Telle fut la joie d'Abraham à la naissance du fils de la promesse. Regardez le vénérable patriarche tenant dans ses bras le petit enfant qui vient de naître, dirigeant vers le ciel un regard humide. À cette heure, il a oublié les douleurs de son attente de vingt-cinq années. Non, non, elles ne sont pas oubliées. Elles se sont seulement transformées en un motif de joie. Ce n'est pas un « Enfin, enfin ! » inspiré par l'impatience qui a retenti dans son coeur ; ce n'est pas non plus le : « Pourquoi, Seigneur, m'avoir fait attendre si longtemps ? » Il sait maintenant pourquoi il a dû attendre. Il comprend que l'attente lui a été bonne. C'est pendant ce temps qu'il a appris à se connaître lui-même, à connaître les irrésolutions de sa foi et la fidélité, de Dieu. Et maintenant la grâce divine a dissipé les nuages qui obscurcissaient son horizon. Abraham peut s'écrier : « Jéhovah a mis un nouveau cantique sur mes lèvres ! » Le cantique qui s'élève de son âme loue Dieu de ce qu'il a fait éclater sa puissance ! Par le retard, en effet, Dieu a rendu la naissance d'un fils plus imprévue, plus extraordinaire pour le monde. Ce fils n'est pas pour son père un enfant ordinaire, c'est le don de Dieu, d'un Dieu fidèle. « L'Éternel accomplit ce qu'il avait promis », voilà le thème qui inspire Abraham aux jours de la naissance d'Isaac.

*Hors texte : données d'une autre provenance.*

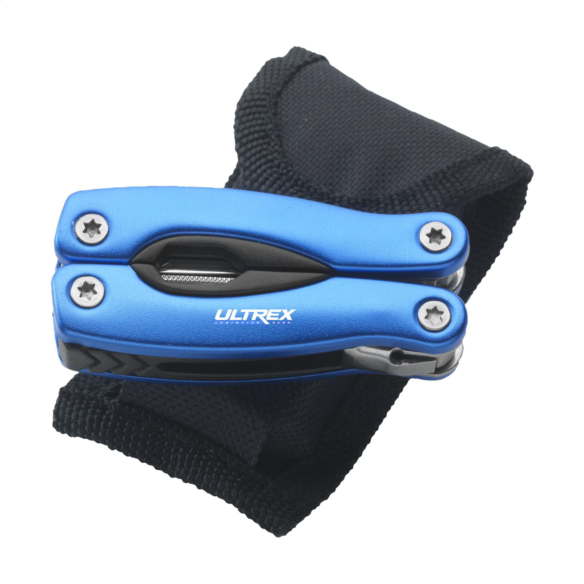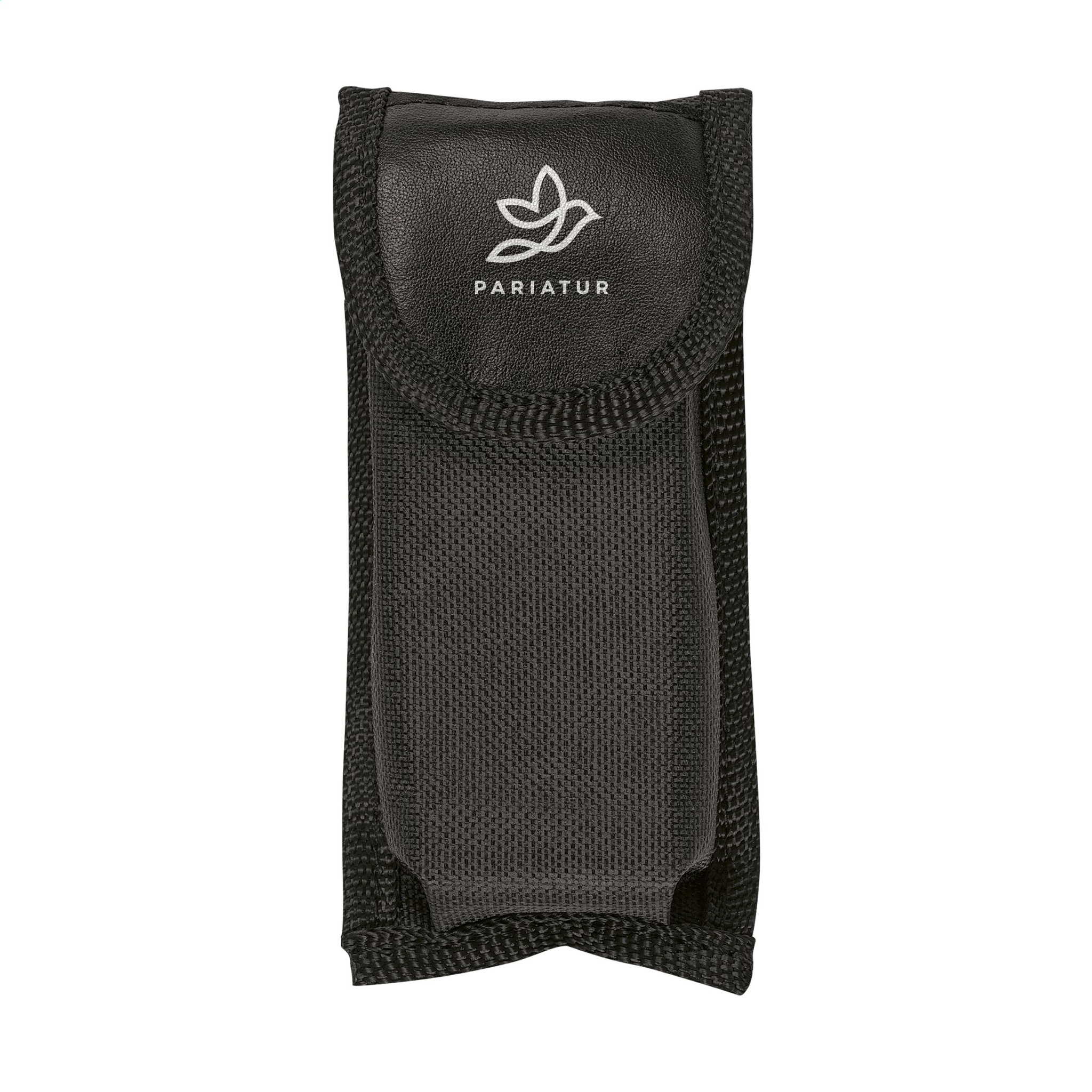 Kompakt multiverktyg i rostfritt stål med handtag i aluminium och metalliskt utseende. 9 delar med 13 funktioner: tång, trådskärare, 3 skruvmejslar, brotsch, fil, konservöppnare, locklyftare, fiskskrapa, krokborttagningsverktyg, kniv och stjärnskruvmejsel. Med lås. I nylonfodral. Observera att lokala regler kan gälla angående innehav och/eller bärande av knivar eller multiverktyg offentligt. Varje artikel levereras i en individuell brun kartong.

Aux yeux d'Abraham, Dieu est donc un Dieu qui tient ses promesses. Abraham est sûr désormais que Dieu les tiendra à l'avenir, comme il vient de les tenir, en lui donnant son fils. Il en est certain, aussi certain que de sa propre existence. Ce n'est pas seulement la fidélité de Dieu que loue le patriarche, ce sont ses miséricordes à l'égard des peuples qui seront bénis en sa postérité. Et il voit peut-être en esprit le Fils de Dieu, qui sera son fils. Il tressaille de joie à la pensée de la journée de Christ, qu'il a pressentie (Jean, VIII, 56). Il s'élève, qui sait, dans sa méditation jusqu'à ce moment béni du rétablissement de toutes choses, où les créatures seront délivrées de la vanité et parviendront à la glorieuse liberté des enfants de Dieu ; il a enfin l'idée, confuse encore sans doute, des nouveaux cieux et de la nouvelle terre. Tous les souhaits de l'ancêtre d'Israël ont été accomplis. Il semble qu'il n'ait plus qu'à s'en aller en paix. Entre Abraham serrant le petit Isaac sur son coeur et le vieillard Siméon qui, sous le portique de marbre du temple, 2000 ans plus tard, a pris l'enfant Jésus dans ses bras, je vois une étroite ressemblance. Ces figures vénérables sont deux épreuves de la même image, suspendues à une paroi, en face l'une de l'autre. Toutes deux ont l'expression d'une joie céleste réalisée dans la vie terrestre.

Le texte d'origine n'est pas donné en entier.